The city he lived in had become a vast field of death, but now he realized: he couldn't rely on human corpses. They were decomposing. Drying out. Rotting to the point where not even dogs would eat them.

And so, for the first time, a new thought entered his mind:

"What if... I ate a monster?"

He shut the thought down instantly. It shocked him. Made him nauseous. But his mind didn't go quiet.

"They're alive, they move, their bodies don't rot as fast… and meat is meat, in the end."

But he knew. It wasn't logical. There wasn't a single monster here that could be easily hunted. None of them were "prey." None looked like rabbits or even wolves. Each one, in one way or another, was a nightmare that should not exist. Massive creatures, multiple limbs, eyes on the backs of their heads — some with skin that pulsed as if a heart was crawling underneath.

He remembered the monster he saw yesterday — the one whose mouth split open with four massive arms, who screamed so loud skulls cracked, who could not hear but could see, and chased anything that moved.

"If it caught me... nothing would be left of me."

But the idea of hunting remained. It stuck in his head like a needle. He knew it was a path to madness… but maybe it was the only path.

So he chose to begin observing. Not attacking — learning. He sat for hours behind crumbling walls, watching. He noticed that some monsters only came out at night. Some moved only when they heard a sound. Others, the opposite — they only moved when everything was completely silent.

He noticed a monster, relatively small, moving in circles as if patrolling its territory. It crawled on all fours, its head split in the middle, and a huge eye blinked open and shut in its center, with no pattern. It seemed slower than the others.

"Should I start with it? Should I try?"

His hands shook. All he had was a rusty iron pipe he'd found in the ruins of a hospital. But something inside him pushed him forward — instinct? Hunger? Despair? He didn't know.

But he knew one thing:

"If I don't become a hunter... I'll die like them. Just slower."
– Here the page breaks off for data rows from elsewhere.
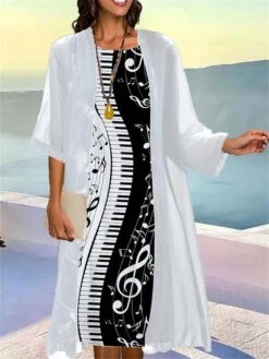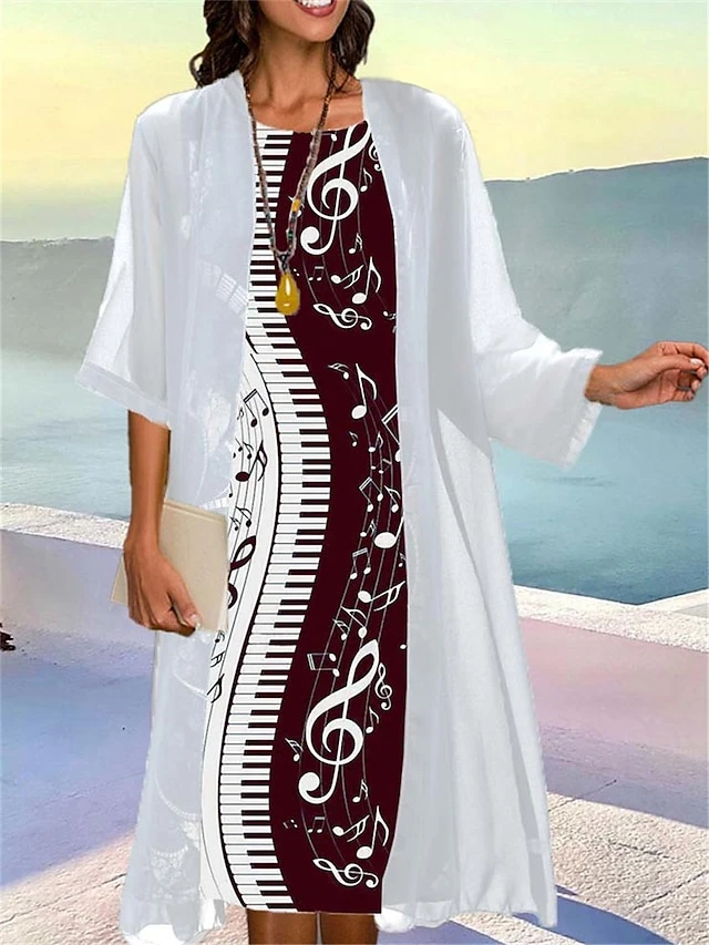 Women’s Two Piece Dress Set Casual Dress Print Dress Outdoor Daily Fashion Elegant Print Midi Dress Crew Neck 3/4 Length Sleeve Graphic Regular Fit Black Wine Blue Summer Spring S M L XL XXL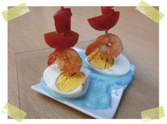 Barquiño de ovo, gamba e cherry sobre base de maionesa. Tapa para celíacos e Tapa Ribadeo.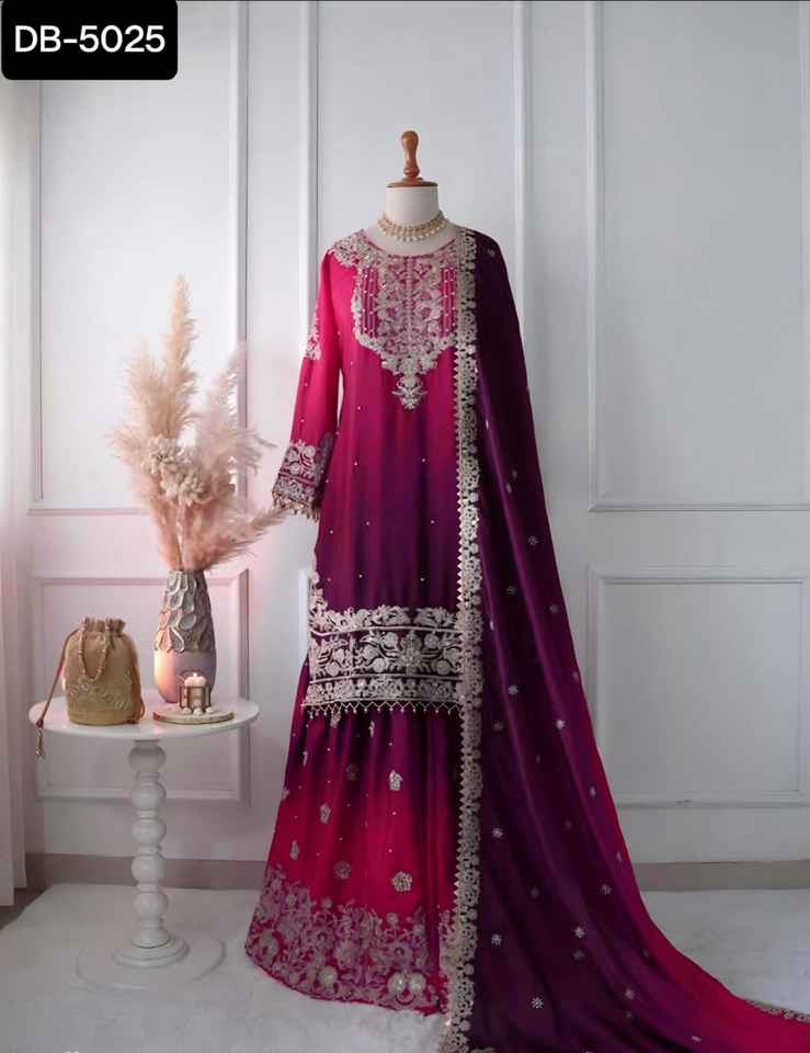 Beautiful Pink Partywear Straight Kurta Sharara and Dupatta Set Partywear Embroidered Pakistani Salwar Kameez for Wedding Wear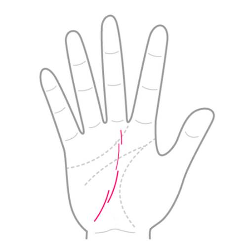一本線でしっかり太い線で伸びている人は少なく、切れ切れで伸びている場合が多いのが、月丘から伸びる運命線の特徴です。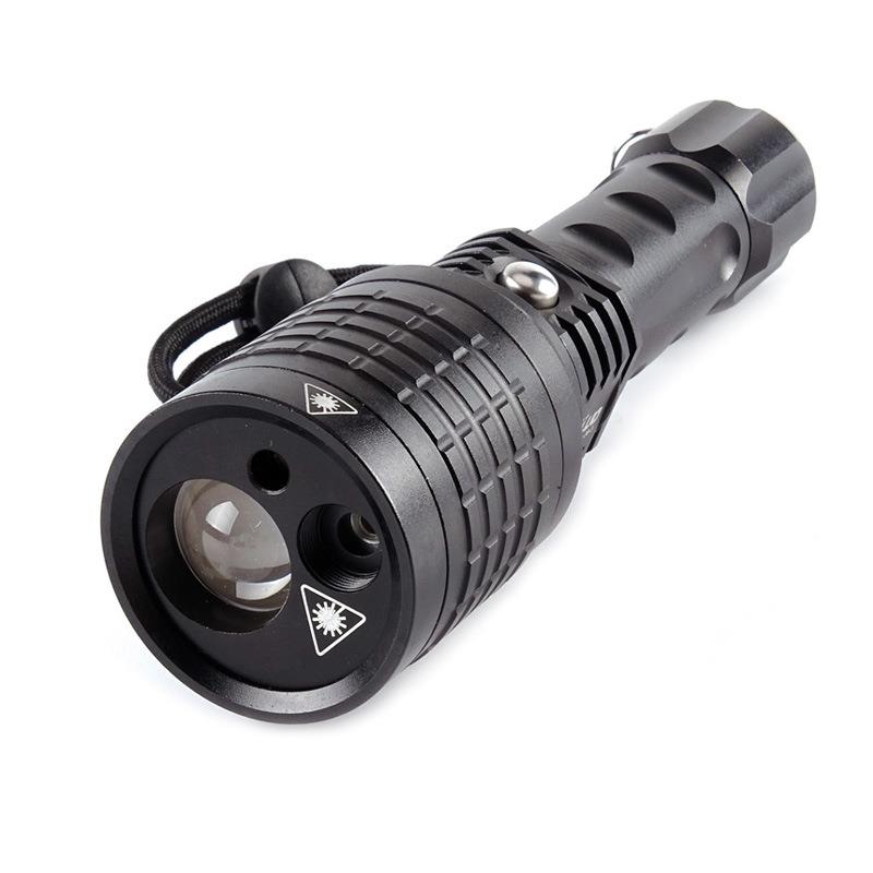 跨境强光可充电手电筒红绿激光灯超亮变焦远射防水户外露营家用灯

Day Thirteen – The Smart Failure

The sky was gray, thick with shameful fog. The boy sat behind a slanted wall, watching. The small monster from yesterday had returned. Nothing had changed — same path, same slow crawl on all fours, same central eye blinking in its split head.

This was his chance.

He took the iron pipe, wrapped cloth around his hand so it wouldn't make noise, and crept forward, step by step. His heartbeat roared in his ears, the air so heavy it felt like he was swimming in it.

He got closer.

Two meters.

But then—

He slipped on a broken stone.

The sound wasn't loud, but it was enough. The massive eye shot open, locked on him. The monster let out a strange, inverted meow — and lunged.

The boy struck with all his strength. One hit. But it wasn't enough. The monster climbed onto his body and shredded his face with black claws. All the boy saw was pain and blood—

And he died.

Again.

He woke up in the same dark corner he now thought of as his "starting point." His body was still small, but his memory burned brighter than ever. He sat in silence. Didn't scream. Didn't punch the wall. Didn't collapse.

He thought.

"I can't beat them… not alone."

"But they… aren't on the same side."

He remembered the scream of the large monster — the one with four mouth-arms. Its scream attacked everything that heard it. Everything it saw moving. He had once seen it scream at another creature… and that creature's head exploded in an instant, just like the man hiding behind the glass window on Day Six.

"It can't hear… but it can see. And the others can hear."

"If I make one run near it… it'll scream."

"And if it screams… the other monster dies."

And so, a new plan was born in his mind.

He was learning more about the land. About the monsters. Their nature. What had once been a hungry, terrified child was now an observer. A planner. A hunter of a different kind.

He wouldn't hunt with his own hands.